Hovnanian A, Pollack E, Hilal L, Rochat A, Prost C, Barrandon Y, Goossens M
Laboratoire de Génétique moléculaire, INSERM U.91, Hôpital Henri Mondor, Créteil, France.
Nat Genet. 1993 Apr;3(4):327-32. doi: 10.1038/ng0493-327.

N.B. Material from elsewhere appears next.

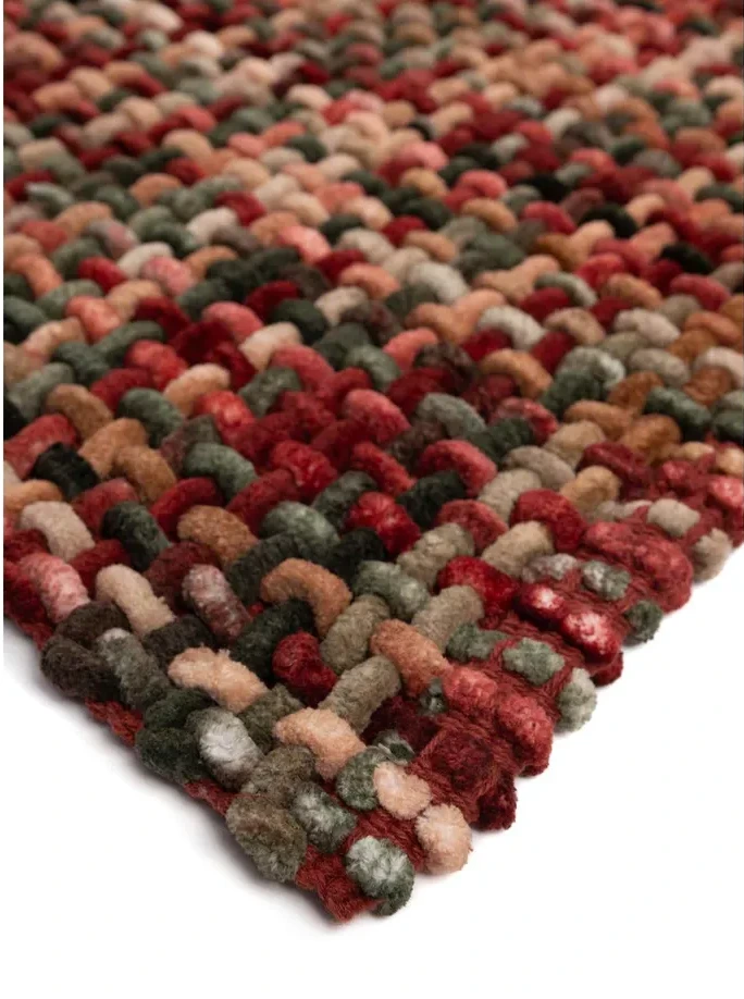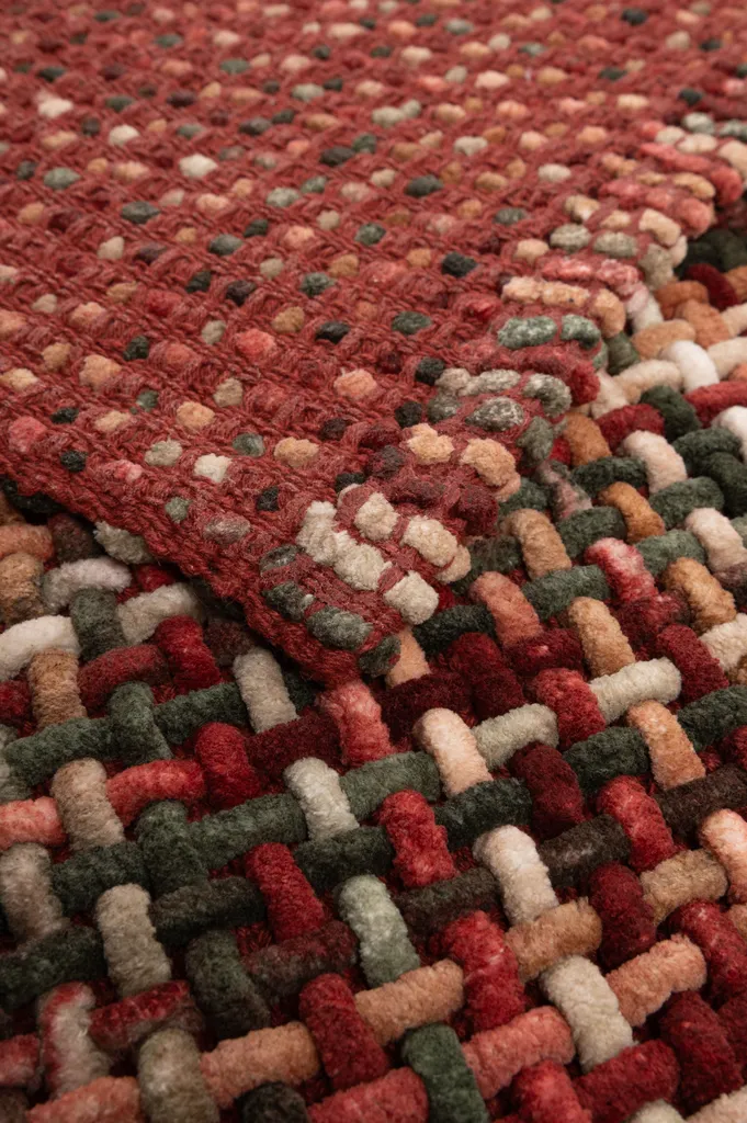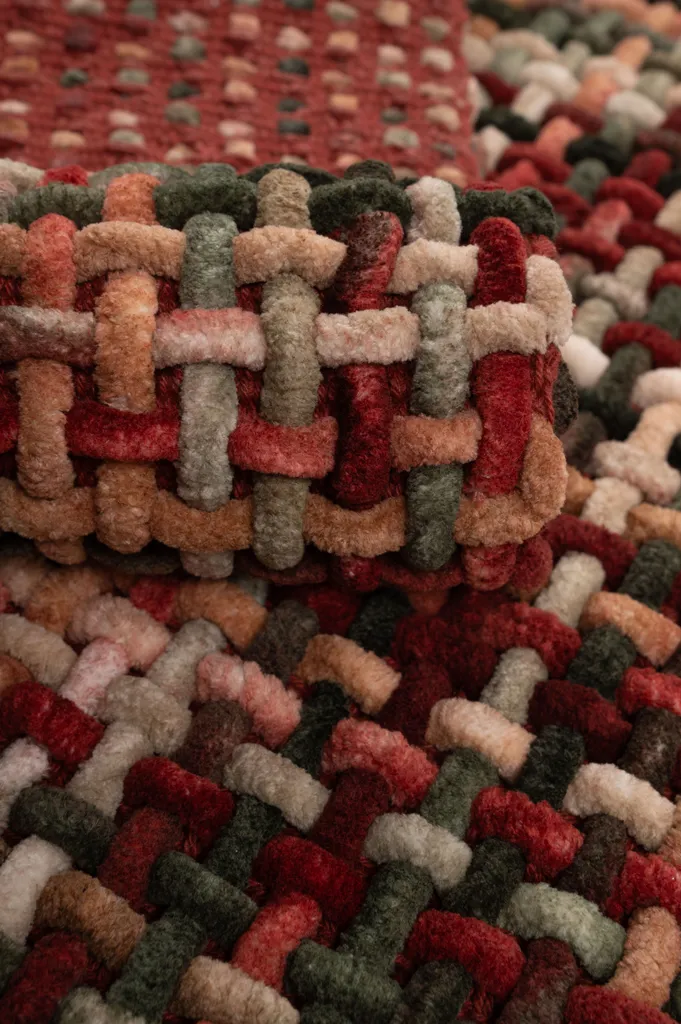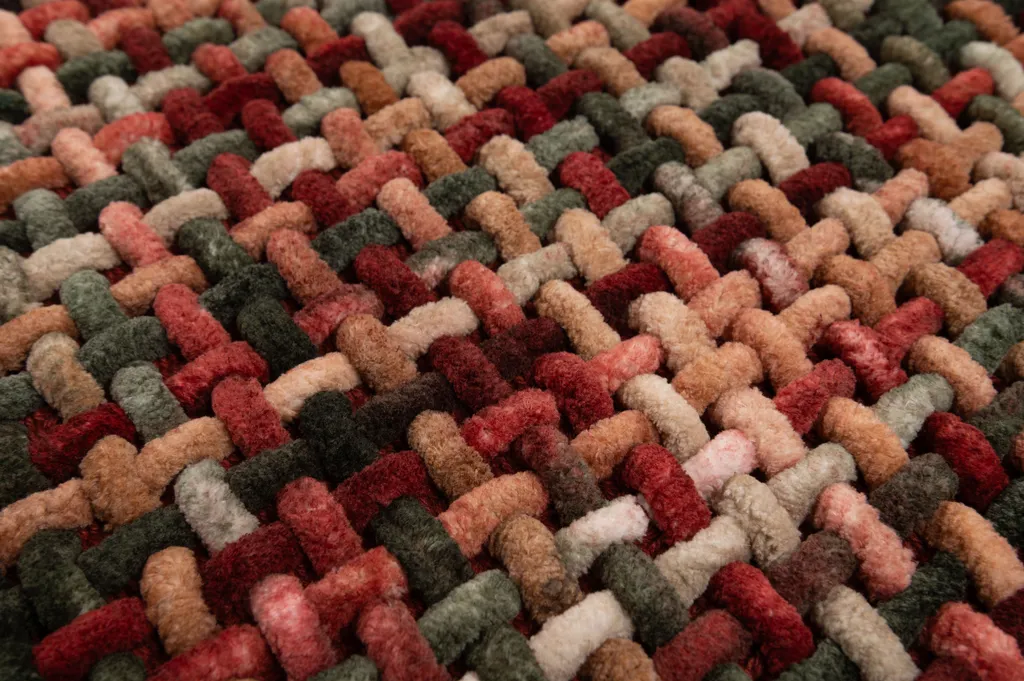 Dywanik łazienkowy w odcieniach bordowych, koralowych i beżu, wykonany z wysokiej jakości włókna syntetycznego. Nowoczesny wzór plecionki. Produkt bezpieczny dla zdrowia i środowiska.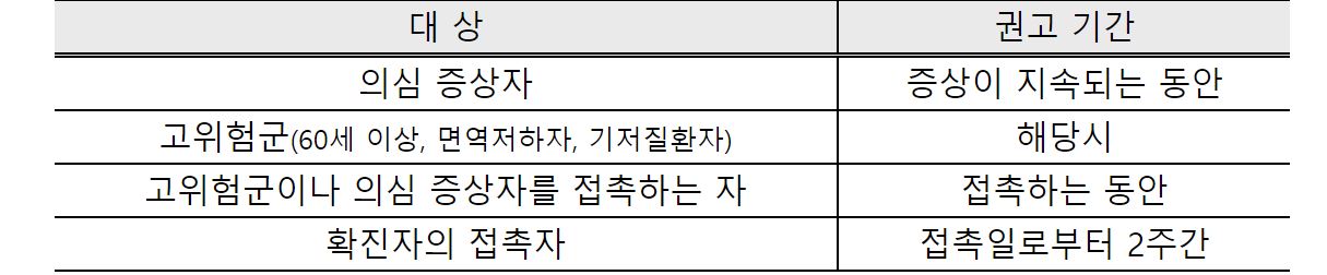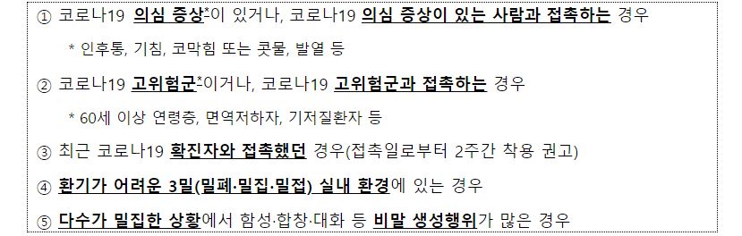 <마스크 착용 적극 권고 상황(방역당국 제시)>

Epidermolysis bullosa simplex (EBS) is a group of epidermal blistering diseases almost invariably transmitted as a dominant trait, which has recently been shown to arise from mutations in keratins 14 and 5 (K14 and K5). We describe a family with recessive EBS in which the disease is tightly linked to the substitution of the highly conserved glutamic acid-144 to alanine in the first helical segment of the rod domain of keratin 14. In contrast, linkage with keratin 5 was excluded. The loss of an ionic interaction with keratin 5 is likely to affect K14-K5 heterodimer formation. Our data suggest that this mutation underlies EBS in our family, and that mutations in keratin genes may impair the mechanical integrity of basal keratinocytes in a recessive as well as dominant fashion.
单纯性大疱性表皮松解症(EBS)是一组几乎均以显性性状遗传的表皮水疱性疾病,最近研究表明其由角蛋白14和5(K14和K5)的突变引起。我们描述了一个患隐性EBS的家系,该疾病与角蛋白14杆状结构域第一螺旋段中高度保守的谷氨酸-144被丙氨酸替代紧密相关。相比之下,排除了与角蛋白5的连锁关系。与角蛋白5离子相互作用的丧失可能会影响K14-K5异二聚体的形成。我们的数据表明,该突变是我们家系中EBS的病因,并且角蛋白基因突变可能以隐性和显性方式损害基底角质形成细胞的机械完整性。